I was writing some code and realized this might be a reasonably common operation. I also realized I don't know a clean way to do it.
The questions is: Get the top 5 entries in column1, sorted by column2, within groups given by column3.
If I had to intuit how this would be writen in Polars it'd be:
df.select(pl.col('column1').top_k(n=5, by='column2').over('column3'))
But note that is made up code; it does not work.
Consider this sample data:
import numpy as np
import pandas as pd
import polars as pl
data_size = 10_000_000
np.random.seed = 1
saleValue = np.random.randint(0, 100, data_size)
storeId = np.random.choice([f'Store: {i}' for i in range(200_000)], replace=True, size=data_size)
customerId = np.random.choice([f'Customer: {i}' for i in range(1_000)], replace=True, size=data_size)
df = pd.DataFrame(
dict(storeId=storeId, customerId=customerId, saleValue=saleValue)
).pipe(pl.from_pandas)
It generates a dataframe of the form:
┌───────────────┬───────────────┬───────────┐
│ storeId ┆ customerId ┆ saleValue │
│ --- ┆ --- ┆ --- │
│ str ┆ str ┆ i32 │
╞═══════════════╪═══════════════╪═══════════╡
│ Store: 161472 ┆ Customer: 960 ┆ 29 │
│ Store: 168620 ┆ Customer: 814 ┆ 21 │
│ Store: 37904 ┆ Customer: 80 ┆ 61 │
│ Store: 166077 ┆ Customer: 516 ┆ 23 │
│ Store: 141748 ┆ Customer: 549 ┆ 58 │
└─///───────────┴─///───────────┴─///───────┘
I'm curious how one would get the top 5 customer per store, sorted by their total spend.
One solution is:
(df
# This part is essential; we need to get the total spend (sales)
.group_by('storeId','customerId')
.agg(pl.col('saleValue').sum().alias('totalSales'))
# This is the part I think could be cleaner
.sort('totalSales', descending=True)
.group_by('storeId')
.agg(pl.col('customerId').head(5).alias('customerIds'))
)
┌───────────────┬─────────────────────────────────────┐
│ storeId ┆ customerIds │
│ --- ┆ --- │
│ str ┆ list[str] │
╞═══════════════╪═════════════════════════════════════╡
│ Store: 78152 ┆ ["Customer: 753", "Customer: 170... │
│ Store: 67676 ┆ ["Customer: 957", "Customer: 896... │
│ Store: 45152 ┆ ["Customer: 118", "Customer: 127... │
│ Store: 183339 ┆ ["Customer: 370", "Customer: 227... │
│ Store: 144688 ┆ ["Customer: 328", "Customer: 294... │
└─///───────────┴─///─────────────────────────────────┘
But I wonder if there is something cleaner using .top_k
It can be done a bit cleaner indeed, although you are close.
Define the first step as df_agg
(for the sake of this answer, you can chain):
df_agg = df.group_by('storeId','customerId').agg(pl.col('saleValue').sum().alias('totalSales'))
Then we can do:
df_agg.group_by('storeId').agg(pl.col('customerId').sort_by('totalSales', descending=True).slice(0,5))
Which reads as:
So we do the groupby like you proposed, but the sorting is done inside the aggregation using sort_by
, rather than on the full dataframe.

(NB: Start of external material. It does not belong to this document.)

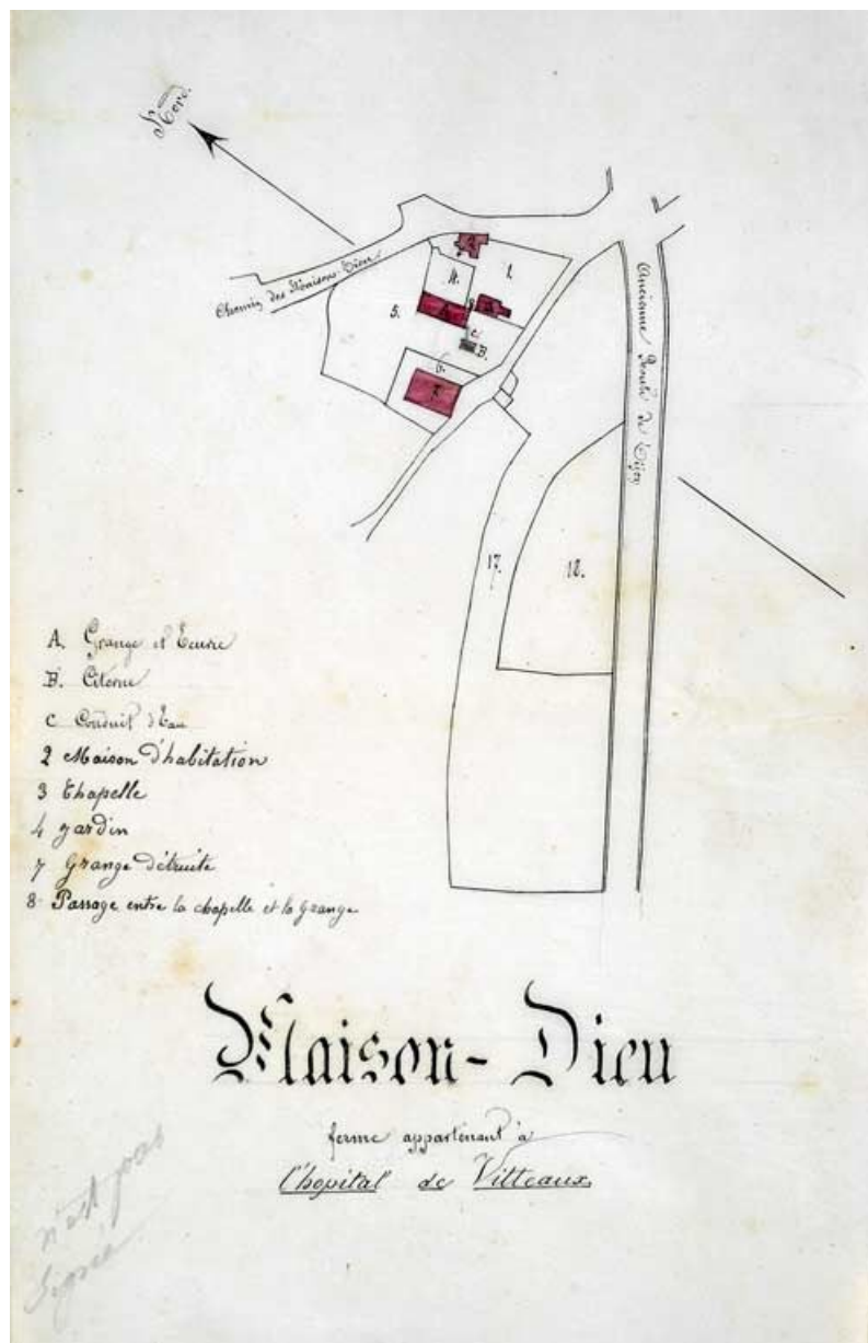
Plan extrait des archives hospitalières, 1875

21, Saffres C.R. 17, lieudit : Maison-Dieu

Also, I use slice
rather than head
+ list
.
On your point on top_k
: this function returns the largest elements of itself, not by another. Polars has sufficient ways of achieving what you want, notably sort_by
, that I dont think there is a need to complicate the implementation of top_k
by adding a by
argument.